Local self government in Andhra Pradesh, India

Dharmavaram Municipality is the local self-government of the city of Dharmavaram, located in the Indian state of Andhra Pradesh. It is classified as a selection grade municipality.

== History ==
The municipality was formed in 1964, along with the Kadiri Municipality in Anantapur District.

==Administration==
The municipality is spread over an area of 40.45 km2 and has 40 election wards. The present chairperson of the municipality is Lingam Nirmala and the commissioner is B.Rama Mohan.

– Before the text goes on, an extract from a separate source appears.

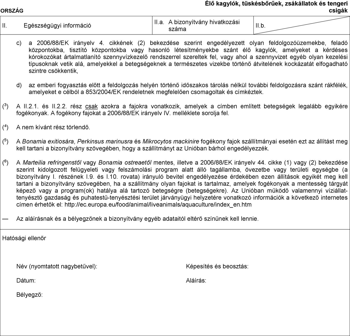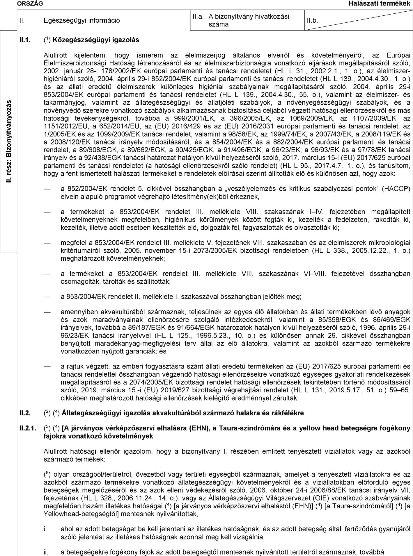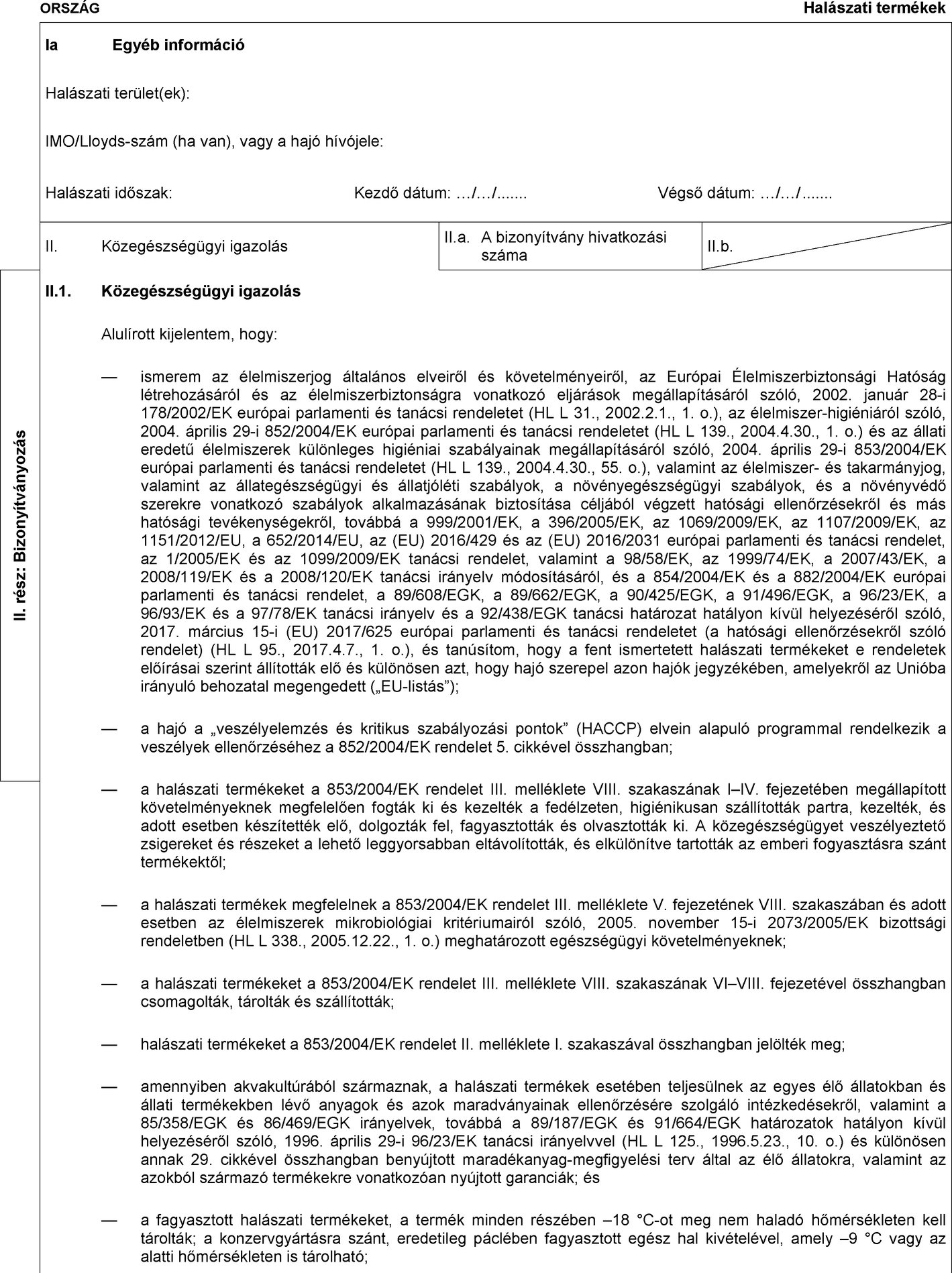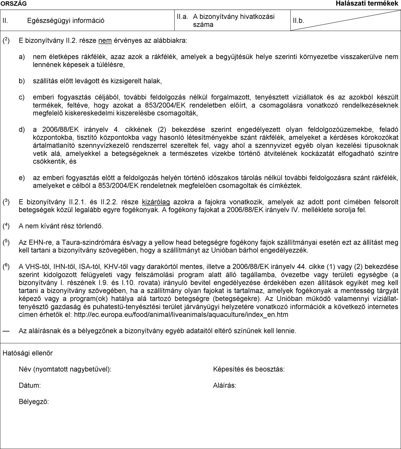 II. rész: HÍZOTT MÁJ ELŐÁLLÍTÁSÁRA SZÁNT BAROMFIRA ÉS KÉSLELTETVE ZSIGERELT BAROMFIRA VONATKOZÓ HATÓSÁGI BIZONYÍTVÁNYMINTA

==Awards and achievements==
In 2015, it is one among the 31 cities in the state to be a part of water supply and sewerage services mission known as Atal Mission for Rejuvenation and Urban Transformation (AMRUT). In 2015, as per the Swachh Bharat Abhiyan of the Ministry of Urban Development, Dharmavaram Municipality was ranked 224th in the country.